Читаем Герцогиня полностью

Ишь, раскраснелась вся. Пиши-пиши, девочка. Да помни: от той малой частицы тела Ростиславы Андреевны отдача была… Глобально-историческая. Нет, у тебя такой не будет — ты ж не княгиня. Думаешь, сможешь? Отдачу? Нет, я про отдачу не в таком смысле. Ладно, сегодня и проверим.

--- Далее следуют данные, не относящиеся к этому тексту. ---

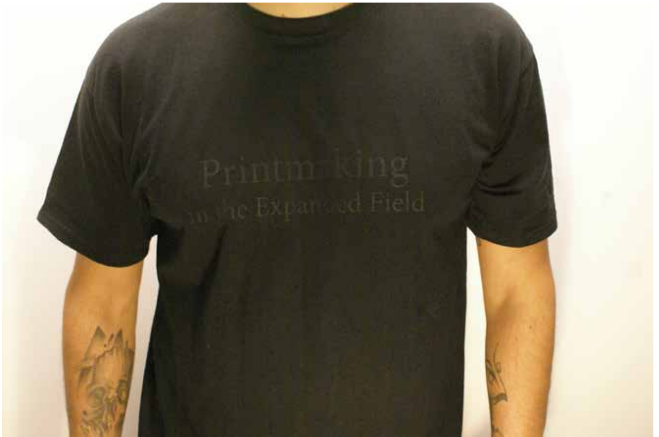
T shirts worn by staff and student crew during the seminar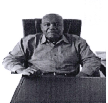
Key achievements in the FY 2022/2023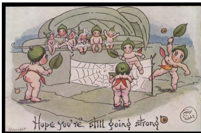
Ex Lot 341

See also World Postcards Lots 924 to 960.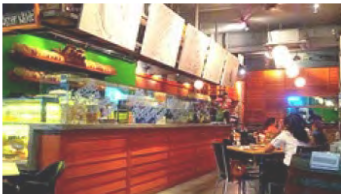
G3 Kitchen & Bar @ Bangsar In "Eating Out"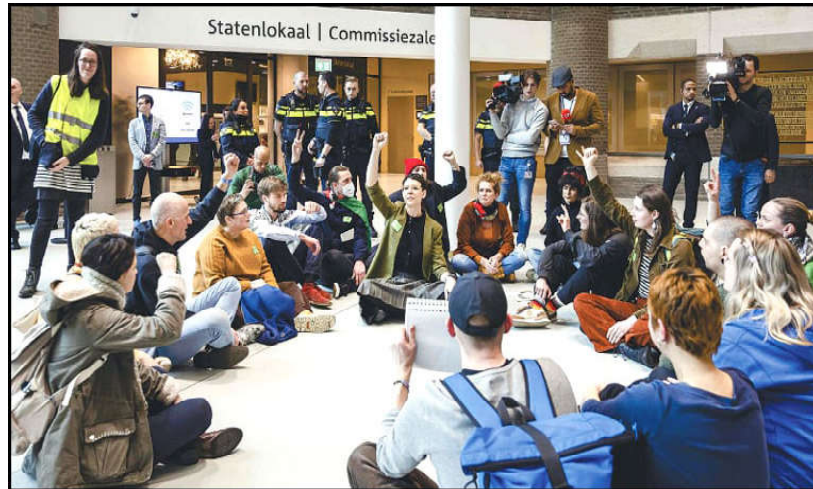
THE HAGUE: Protesters take part in a demonstration in support of Palestinians outside the Netherlands House of Representatives. Question time in the house was briefly interrupted three times by them.

Monitoring Desk MANILA: A dramatic stand-off with Beijing in the South China Sea this week was the most serious incident yet for the Philippines, its top security officials said on Wednesday, vowing not to back down in asserting the country's sovereign rights. The Philippines has been incensed by what it calls repeated aggressive conduct by China's coastguard, accusing its ships of using water cannons and blocking and harassing a Philippine resupply mission on Tuesday for troops stationed at the disputed Second Thomas Shoal. The Philippines' South China Sea task force said a top admiral was on board a vessel that was water cannoned by China's coastguard, shattering its windshield and wounding four navy personnel.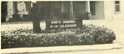
Bowling Green will have 16 visitors from its sister city, Santa Domingos de los Colorados. The visit is a joint effort of Partners of the Americas and Sister Cities.

It started as a round table discussion by the Chamber of Commerce. The Tourism Department picked it up and kicked the idea around. Now Jubilee '84 will soon be a reality with Western playing a part in its success.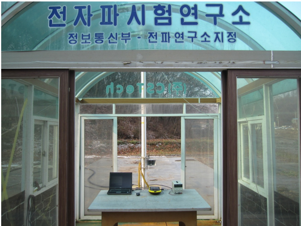
Radiated RF measurement (Above 1 GHz)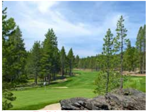
The Club at Gray's Crossing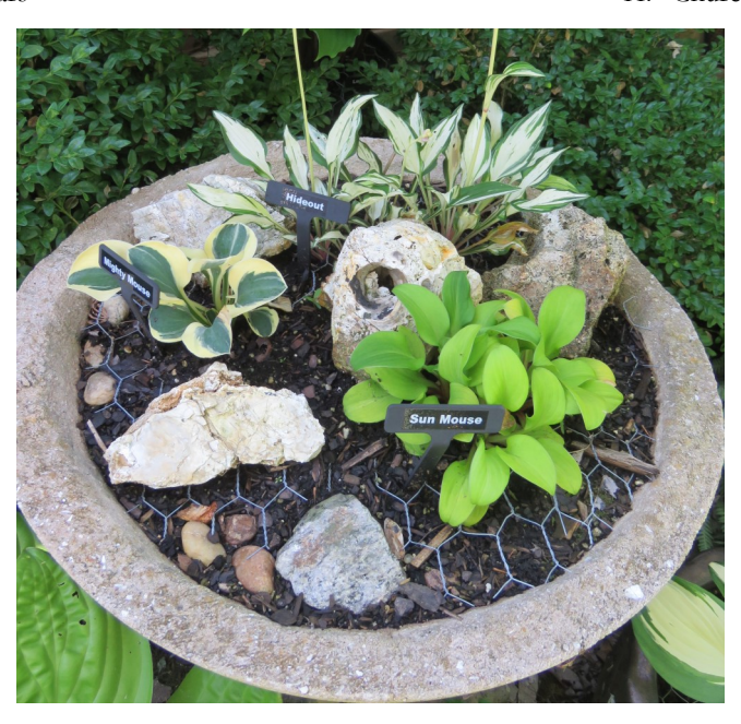
H. 'Mighty Mouse', 'Hideout', 'Sun Mouse'

The first little hostas I bought were 'Ginko Craig' and 'Chartreuse Wiggles', which is still one of my favorites. I planted them among my other hostas and thought they looked pretty there. But there were two problems: 1) The slugs and snails had too easy access to them on the ground. 2) The other, larger plants quickly overwhelmed them. So, it is best to dedicate a special place in your garden for the little ones (maybe a raised bed) or grow them in pots. This picture shows a blue bowl containing 'Chartreuse Wiggles' and 'Giantland Mouse Cheese'.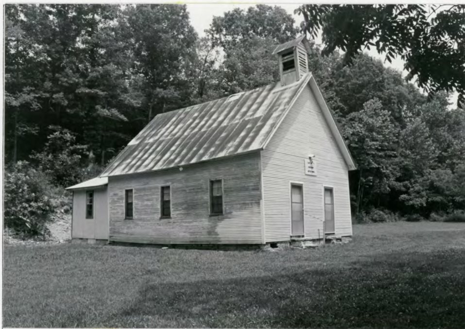
Historic Resources of Stone County Bluff Springs Church & School, ST-215 Landis vicinity Negative on file at the AHPP Viewed from the southwest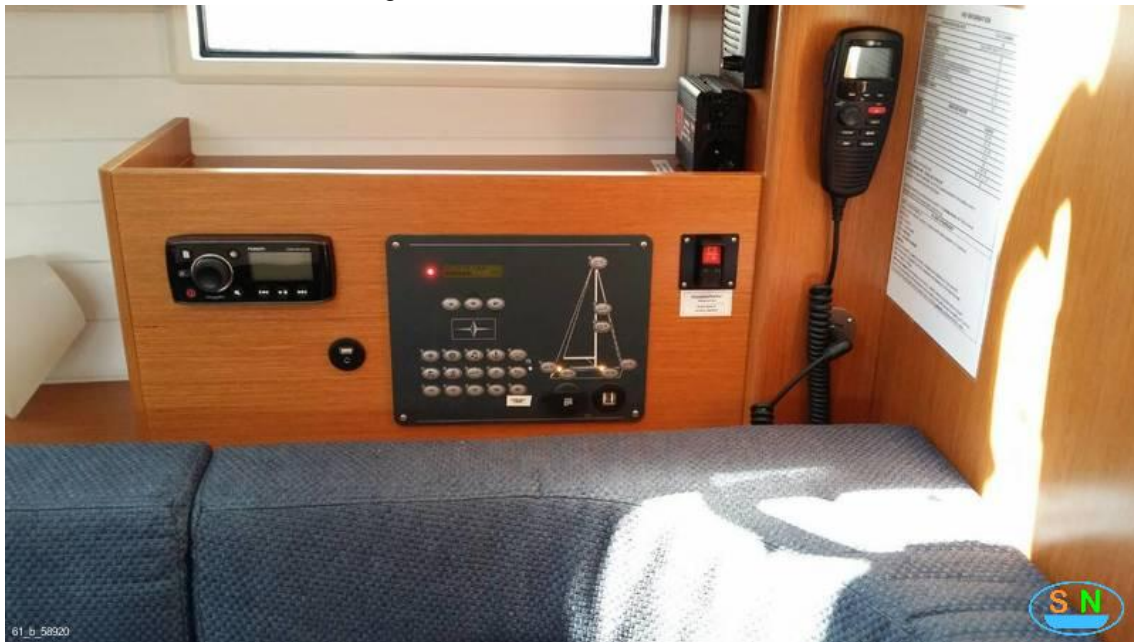
Cabin / Bavaria CRUISER 46 - 2017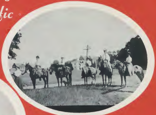
Even the girls believed in physical fitness.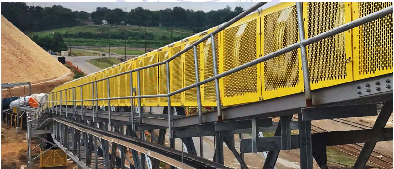
Fig. 5, Fencing/Guard of Conveyor Parts

Guard/Fenced to Conveyor: Adequate guard always ensures safety of personnel. Guard always keeps away to personnel or body parts of personnel from potential danger zone of conveyor. Nip point of conveyor is major sources of accident. Some time personnel body parts exposed between roller and conveyor and this results accident. So always ensure effective and suitable guard or fencing on rotating parts of conveyor.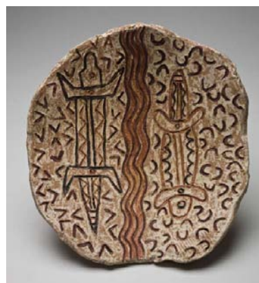
Kambel the crocodile and Pa'u the blue tongue lizard exchanging teeth. 31 x 30 Cm Raku clay, mid range firing. Oxide under opaque glaze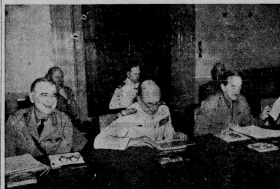
Three of Britain's war leaders take their places across the table from the United States war chiefs at a meeting of American and British war strategists in Washington, D. C. Left to right: Lieut. Gen. Sir Hastings L. Ismay, chief staff officer to the minister of defense; Admiral Sir Dudley Pound, first sea lord and chief of naval staff; and Gen. Sir Alan Brooke, chief of the imperial staff.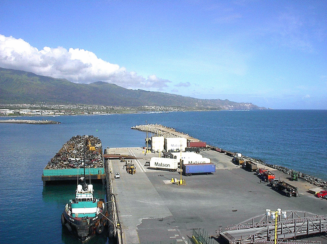
Maui - Hafen, hier wird Schrott, viel Schrott verladen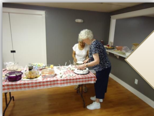
Desserts & Bar-B-Ques

If you are interested in receiving a quote, please do not hesitate to contact me at 877-589-3599 EXT 207.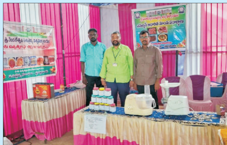
Display of Millet Based Meat Products

1. The Department of LPT, CVSc, Proddatur participated in the "Millet Fair" conducted by KVK, Utukur on 20.09.2025 and organized a stall with millet incorporated meat products for demonstration purpose.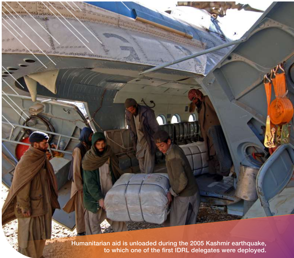
Humanitarian aid is unloaded during the 2005 Kashmir earthquake, to which one of the first IDRL delegates were deployed.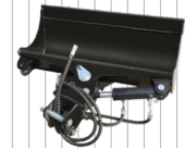
800 mm Hydraulic bucket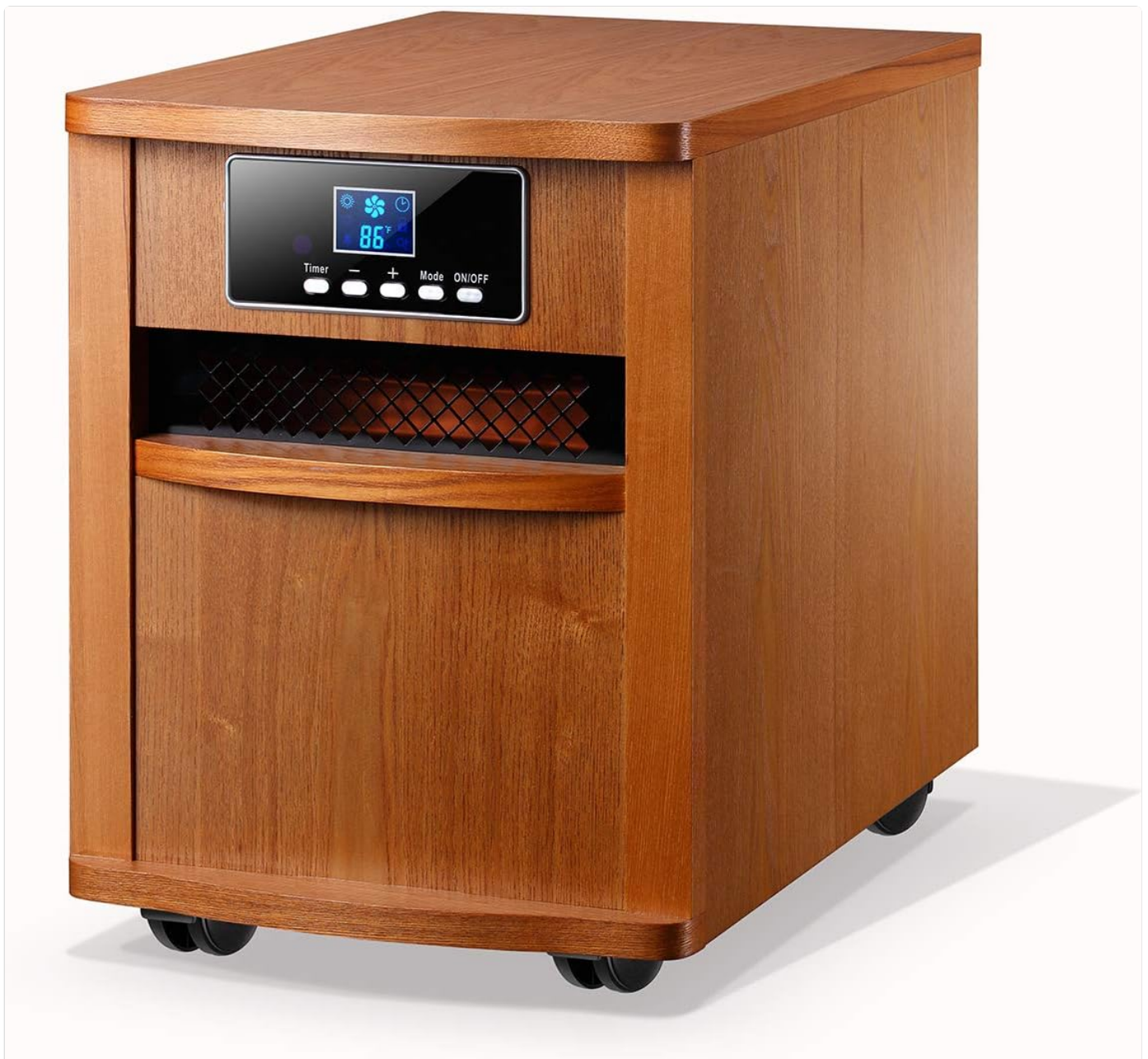
Image: Front view of the Homeleader IWH-01 heater, visually indicating its key features: LED display, washable filter, timer switch, and swivel casters.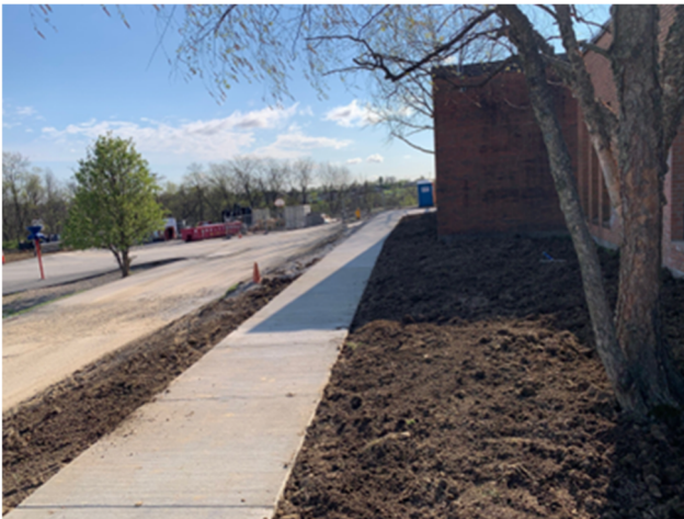
2026.04.17 – New concrete sidewalk from classrooms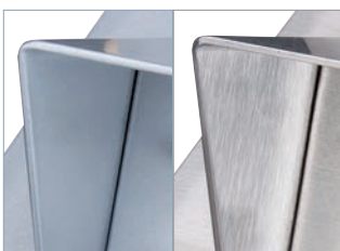
• Powder-coated/stainless steel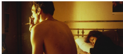
Nan Goldin: The Ballad of Sexual Dependency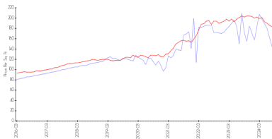
Granada Village (2001 to 2006) vs Coconut Creek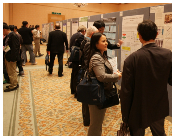
Fig. 5. Snap shot of poster presentation.

The number of poster presentations showed the significant progress of PSA. One hundred sixteen posters were presented in convention hall C. It was a great idea to print the ballot paper and the drink tickets on the same paper so the participants would not miss the opportunity to vote in the poster presentation area. During the poster presentation, beer and other beverages were served at a beverage bar and a box to collect the ballot papers was available to select the best poster presentation for the Powell prize award.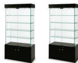
Glass Counter Tall - Rs.4500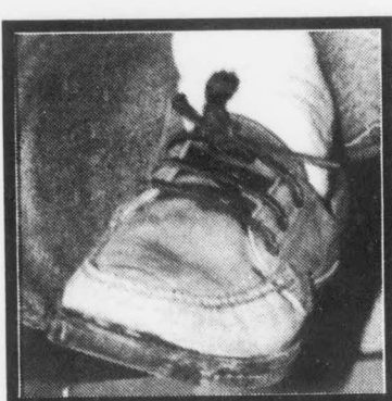
Jeff Cummings B.E. Eng. 1 "Toilet Paper."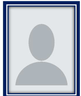
Teaching Assistant TBC

Коллеги, не кажется ли Вам, что деятельность попандопулы в этом и состоит? В философски-обобщённом смысле, конечно. Найти в теле истории небольшую, но особо чувствительную точку… и лёгкими прикосновениями… на большее у прогрессора просто сил нет… поглаживаниями, дуновениями и втираниями… можно пальчиком помочь… контролируя возникающие напряжения в глубинных областях и слоях… чтобы без тяжких и необратимых… довести её, в смысле — историю, до… до состояния радости. Хотя бы — нашей, но лучше взаимной. Чтобы не было обид. И прочего… когда мучительно больно.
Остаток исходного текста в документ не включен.